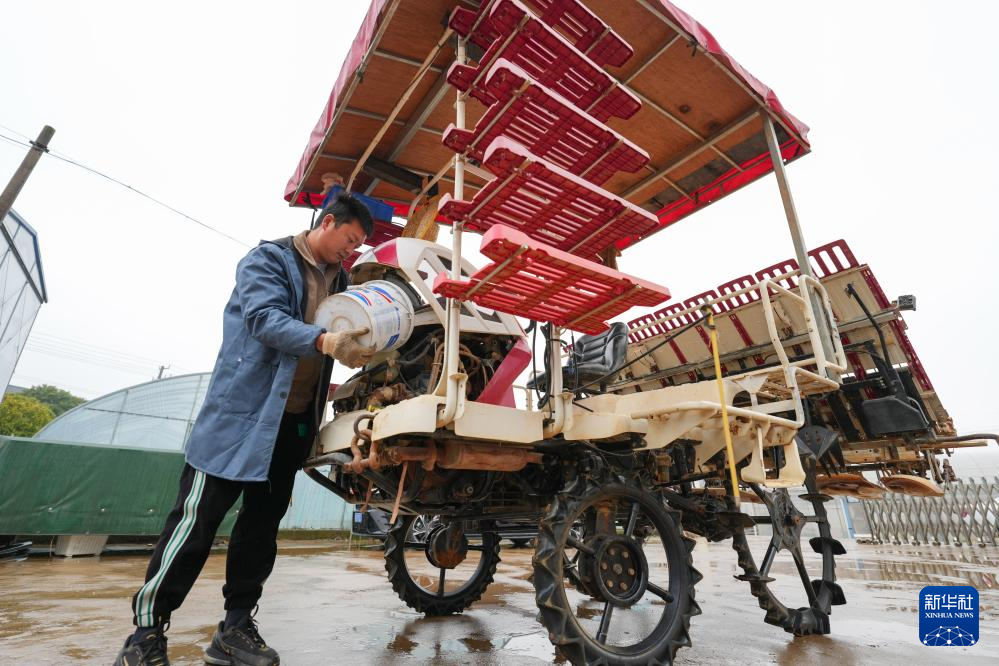 2月20日,在湖南省浏阳市龙伏镇的鼎钧种养专业合作联合社,工作人员在给插秧机添加防冻冷却液。
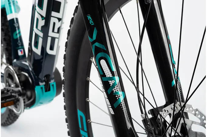 CRUSSIS e-Fionna 7.7 je vybaveno odpruženou vidlicí s pružinovým tlumením SUNTOUR XCM HLO DS 29" se zdvihem 100 mm, která je skvěle přizpůsobivá váze cyklisty.
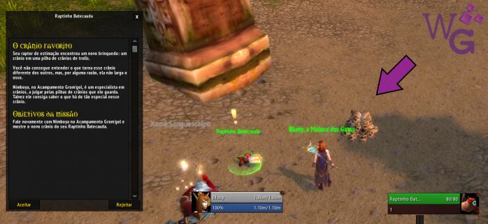 - Chegando no Acampamento Grom’gol, você deve procurar pelo PNJ Comandante Aggro’gosh, que vai te dar a missão A defesa de Grom’gol: o risco dos raptores. Para completar essa missão, você deve destruir 12 Ovo de Batecauda.

^^^^^^^^^^^^^^^^

» **Task objective**
For the material above, repeat each line exactly and leave out the pictures.

» **Solution to the exercise**
 2月20日,在湖南省浏阳市龙伏镇的鼎钧种养专业合作联合社,工作人员在给插秧机添加防冻冷却液。
 CRUSSIS e-Fionna 7.7 je vybaveno odpruženou vidlicí s pružinovým tlumením SUNTOUR XCM HLO DS 29" se zdvihem 100 mm, která je skvěle přizpůsobivá váze cyklisty.
 - Chegando no Acampamento Grom’gol, você deve procurar pelo PNJ Comandante Aggro’gosh, que vai te dar a missão A defesa de Grom’gol: o risco dos raptores. Para completar essa missão, você deve destruir 12 Ovo de Batecauda.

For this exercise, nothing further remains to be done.